How to obtain the root $2 \alpha_6 + \alpha_1 + 2 \alpha_2 + 3 \alpha_3 + 2 \alpha_4 + \alpha_5$ in type $E_6$ root system by Weyl group action?

Question

The Dynkin diagram for $E_6$ is \begin{align} \circ - \circ - & \circ - \circ - \circ \\ & \ | \\ & \ \bullet \end{align} where $\bullet$ corresponds to the simple root $\alpha_6$ and the other vertices correspond to $\alpha_1, \ldots, \alpha_5$ (from left to right) respectively.

The element $2 \alpha_6 + \alpha_1 + 2 \alpha_2 + 3 \alpha_3 + 2 \alpha_4 + \alpha_5$ is a root in type $E_6$ root system.

Let $W$ be the Weyl group in type $E_6$. I would like to find $w \in W$ and some simple root $\alpha_i$ such that $w \cdot \alpha_i = 2 \alpha_6 + \alpha_1 + 2 \alpha_2 + 3 \alpha_3 + 2 \alpha_4 + \alpha_5$. Where $w \cdot \alpha_i$ denotes the Weyl group action.

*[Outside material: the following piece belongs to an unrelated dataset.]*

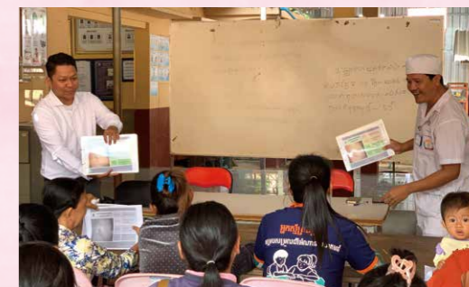
地域住民にも小児外科疾患の知識を広めることで、住民が症状に合わせて適切な手当て・受診をできるよう取り組んでいます。

各地区から選出されたキーパーソンが活動の核となり、農業・漁業の技術研修、補完食作りなどの健康啓発、ゴミ拾い活動を通じた衛生改善、先進的な事例を学ぶ視察訪問など、分野横断的に、活動をさらに加速させます。キーパーソンが意欲的に取り組むふりかけ作りは、首都のスーパーなどの小売店で消費者が手に取ることができるよう、サプライチェーンの強化に臨みます。

Thank you very much.

Answer 1

The problem can be solved by Sage. I used sage to apply Weyl group action on $\alpha_2$ (which is $\alpha_6$ in my notation):

DynkinDiagram(['E', 6])
W = WeylGroup(RootSystem(['E',6]).root_lattice())
s = W.simple_reflections()
alpha = W.domain().simple_roots()
r1=[]
r2=[]
for i in W:
    t1=i.action(alpha[2])
    if r1.count(t1)==0:
        r1.append(t1)
        r2.append([i.reduced_word(),t1])

Then I choose the $w$ which gives $w \cdot \alpha_6 = 2 \alpha_6 + \alpha_1 + 2 \alpha_2 + 3 \alpha_3 + 2 \alpha_4 + \alpha_5$.

Let $w = s_6 s_3 s_4 s_5 s_2 s_3 s_4 s_1 s_2 s_3$. Then $w \cdot \alpha_6 = 2 \alpha_6 + \alpha_1 + 2 \alpha_2 + 3 \alpha_3 + 2 \alpha_4 + \alpha_5$.